## DATA TO PROCESS
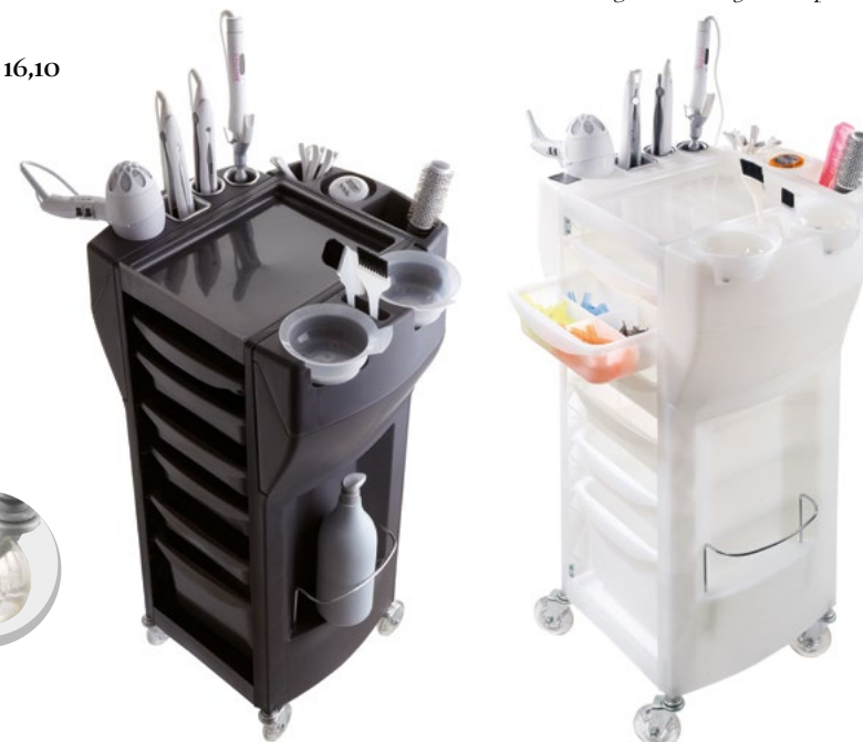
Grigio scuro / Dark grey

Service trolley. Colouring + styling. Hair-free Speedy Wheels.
--
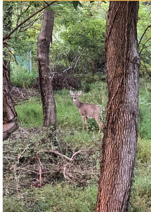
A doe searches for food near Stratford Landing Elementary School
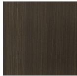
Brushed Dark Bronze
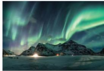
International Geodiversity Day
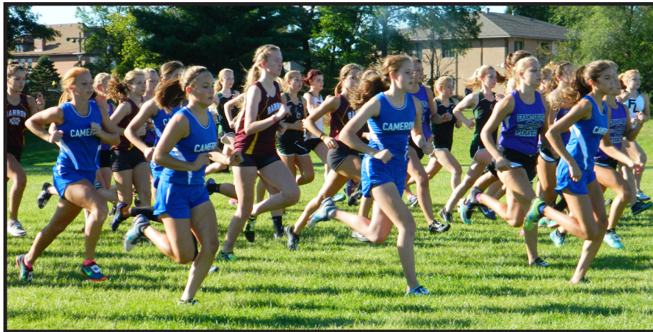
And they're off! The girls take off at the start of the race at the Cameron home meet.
* * *
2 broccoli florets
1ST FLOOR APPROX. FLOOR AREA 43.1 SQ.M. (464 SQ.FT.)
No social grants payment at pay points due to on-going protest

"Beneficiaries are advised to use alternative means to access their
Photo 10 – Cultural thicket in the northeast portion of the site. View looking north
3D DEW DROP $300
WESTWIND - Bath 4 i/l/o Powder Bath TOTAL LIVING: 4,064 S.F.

## THE PROBLEM
Every line above that holds the string "Dark" should be copied into the answer.

## SOLUTION FOR THIS PROBLEM
Grigio scuro / Dark grey
Brushed Dark Bronze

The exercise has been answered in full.